To solve this problem and construct a 99.8% confidence interval for the mean reduction in cholesterol levels, let's follow these steps:

Step 1: Calculate the differences

For each individual, calculate the difference $d = \text{Before} - \text{After}$:

1. $238 - 218 = 20$
2. $240 - 214 = 26$
3. $230 - 180 = 50$
4. $245 - 205 = 40$
5. $241 - 168 = 73$
6. $281 - 201 = 80$
7. $241 - 170 = 71$
8. $285 - 182 = 103$

Differences: $[20, 26, 50, 40, 73, 80, 71, 103]$

Step 2: Find the sample mean ($\bar{d}$) and standard deviation ($s_d$):

1. Mean $\bar{d}$: $\bar{d} = \frac{\sum d}{n} = \frac{20 + 26 + 50 + 40 + 73 + 80 + 71 + 103}{8}$

2. Standard deviation $s_d$: Use the formula: $s_d = \sqrt{\frac{\sum (d_i - \bar{d})^2}{n - 1}}$

Step 3: Calculate the standard error ($SE$):

$SE = \frac{s_d}{\sqrt{n}}$

Step 4: Find the critical value $t^*$ for 99.8% confidence level with $n-1$ degrees of freedom ($df = 8-1 = 7$).

Step 5: Construct the confidence interval:

$\bar{d} \pm t^* \cdot SE$

Let me calculate these values for you. from scipy.stats import t

Given data

differences = [20, 26, 50, 40, 73, 80, 71, 103] n = len(differences)

Calculate mean and standard deviation of differences

mean_d = np.mean(differences) std_d = np.std(differences, ddof=1)

Standard error

SE = std_d / np.sqrt(n)

Degrees of freedom

df = n - 1

Critical t-value for 99.8% confidence level

alpha = 1 - 0.998 t_critical = t.ppf(1 - alpha / 2, df)

Confidence interval

margin_of_error = t_critical * SE lower_bound = mean_d - margin_of_error upper_bound = mean_d + margin_of_error

mean_d, std_d, SE, t_critical, (lower### Results:

1. Mean difference ($\bar{d}$): $57.9$ (rounded to one decimal place)
2. Standard deviation ($s_d$): $28.7$
3. Standard error ($SE$): $10.1$
4. Critical t-value ($t^*$): $4.79$
5. 99.8% Confidence Interval: $(9.3, 106.4)$

Part (b):

The confidence interval does include values greater than 90, meaning it does not contradict the claim that the mean reduction in cholesterol levels is more than 90 milligrams per deciliter.

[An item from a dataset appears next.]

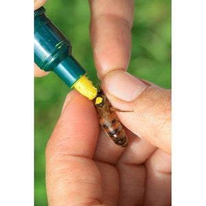 Acrylic paint pens for marking the thorax of your queen. Marking a queen with a dot of paint on her thorax is important in several ways. Queen marking makes the queen easier to find in a colony, particularly in a large populous colony, and sometimes when a queen hides. The color code indicates the birth year of the queen (see below). When an unmarked queen appears in the colony, the beekeeper knows queen replacement has occurred, which could be one of the “big four”: swarming, supersedure, sudden death or usurpation of the former queen.

Would you like further clarification or calculations? Here are 5 related questions to expand:

1. How do we interpret confidence intervals in hypothesis testing?
2. What would change in the interval if we used a 95% confidence level instead of 99.8%?
3. How does sample size influence the width of the confidence interval?
4. What does the critical $t^*$-value represent in this context?
5. How would the results change if there were an additional individual included?

Tip: Always check whether the interval's range supports the hypothesis or contradicts it!